Atypical chronic myeloid leukaemia: A case of an orphan disease—A multicenter report by the Polish Adult Leukemia Group

Atypical chronic myeloid leukaemia (aCML) belongs to myelodysplastic/myeloproliferative neoplasms. Because of its rarity and changing diagnostic criteria throughout subsequent classifications, data on aCML are very scarce. Therefore, we at the Polish Adult Leukemia Group performed a nationwide survey on aCML. Eleven biggest Polish centres participated in the study. Altogether, 45 patients were reported, among whom only 18 patients (40%) fulfilled diagnostic criteria. Among misdiagnosed patients, myelodysplastic/myeloproliferative syndrome unclassifiable and chronic myelomonocytic leukaemia were the most frequent diagnoses. Thirteen patients were male, median age 64.6 years (range 40.4‐80.9). The median parameters at diagnosis were as follows: white blood cell count 97 × 109/L (23.8‐342) with immature progenitors amounting at 27.5% (12‐72), haemoglobin 8.6 g/dL (3.9‐14.9), and platelet count 66 × 109/L (34‐833). Cytoreductive treatment was used in all patients, and 2 patients underwent allogeneic hematopoietic stem cell transplantation. The median overall survival was 14.1 months (95% CI, 7.2), with median acute myeloid leukaemia‐free survival of 13.3 months (95% CI, 3.6‐22.6).
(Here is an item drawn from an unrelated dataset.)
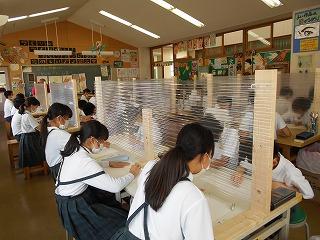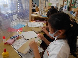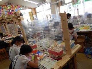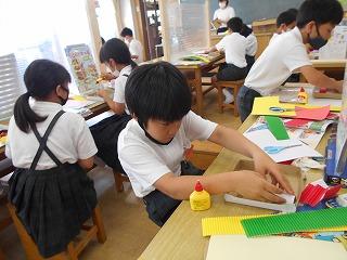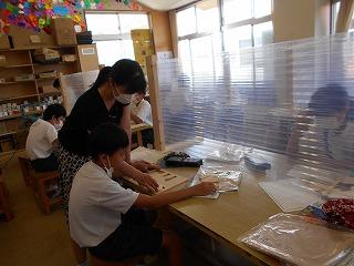↓ 5年1組図画工作 「糸のこすいすい」パズルづくりです。担任とではなく、級外の先生と図画工作を学んでいます。英語が専門の先生です。教育相談の先生でもあります。子供たちは、糸のこミシンで曲線も上手に切り取っていました。作業が丁寧です。

Cumulative incidence of acute myeloid leukaemia transformation after 1 year in aCML group was 12.5% (95% CI, 0%‐29.6%). To conclude, aCML harbours a poor prognosis. Treatment options are limited, with allogeneic hematopoietic stem cell transplantation being the only curative method at present, although only a minority of patients are transplant eligible. Educational measures are needed to improve the quality of diagnoses.